Acoustic Velocity and Porosity Systematics in Siliciclastics
Lev Vernik: ARCO Exploration and Production Technology Company
Abstract: Using several well characterized data sets, including logs and laboratory velocity measurements in fluid-saturated sandstone/shale sequences, it is shown that improved porosity and lithology prediction from sonic logs is possible if unique trends related to sediment deposition, compaction, and diagenesis are recognized. Realistic, petrographically observed evolution of the pore geometries in consolidated, grain-supported sandstones (less than 25% to 30% porosity and less than 15% clay volume) can be successfully modeled using effective medium theories, resulting in a quasi-linear velocity-porosity relation deviating from linearity within the accuracy of velocity measurements.
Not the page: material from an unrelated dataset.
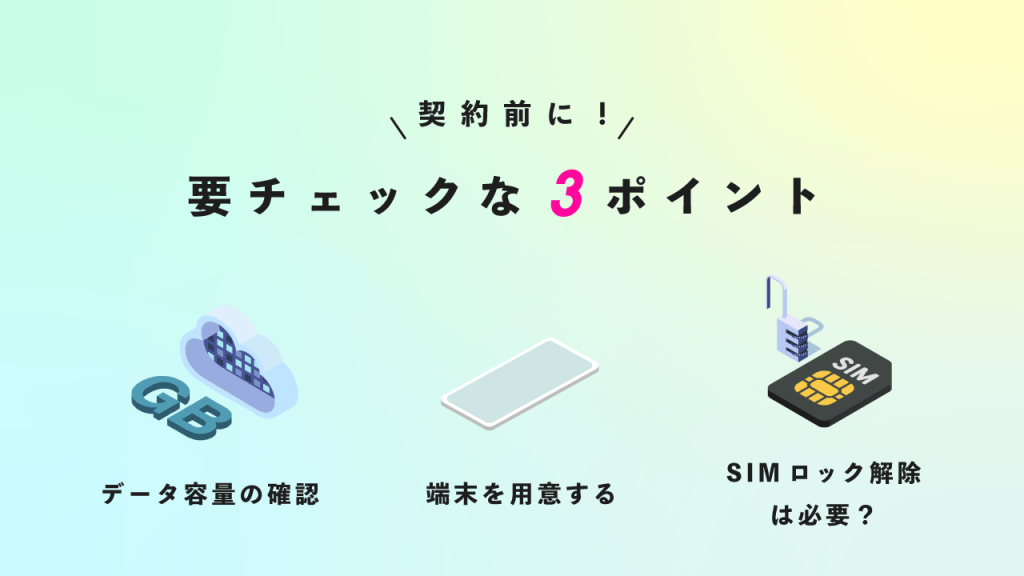 データ通信専用SIMを契約する前にチェックしておきたいポイントは3つほどありますので、格安SIMの契約で損をしないためにもぜひ一度確認してみてくださいね!

These relations are 1) well defined for clean arenites (essentially pure quartz sandstones) and arenites (slightly shaly sandstones with Vcl £ 12%), 2) largely stress independent, and 3) yield an improved porosity prediction when compared to the Raymer-Hunt-Gardner equations. Poorly consolidated grain-supported sandstones and sands are characterized by a much steeper gradient of velocity increase with porosity reduction as compared to their consolidated counterparts. The effect can be explained by competing mechanisms of grain rearrangement and initial cementation during early diagenetic history of the sediments. The impact of clay in poorly consolidated sands is diminished, while the dependence on the grain sorting, loading history, and pore fluid chemical activity is increased. The compilation of experimental and log data on acoustic velocities in essentially clay matrix-supported siliciclastics (Vcl > 12%), including shales and wackes (substantially shaly sands), suggests that their bedding-normal elastic stiffnesses vary nonlinearly in the entire range of porosity reduction from around 80% to almost 0%. Theoretically motivated empirical models are given for the dry frame elastic moduli of the three major petrophysical groups of sandstones (clean arenites, arenites, and wackes) in the porosity range from 0% to 40%, which can be utilized in porosity prediction or fluid-substitution modeling. Gassmann equation-based fluid-substitution modeling for arenites and comparison with water-saturated core measurements at ultrasonic frequency suggest that 1) a substantial pore fluid sensitivity is only typical of poorly consolidated sandstones and sands, and 2) frequency-related velocity dispersion in poorly consolidated sands is relatively minor.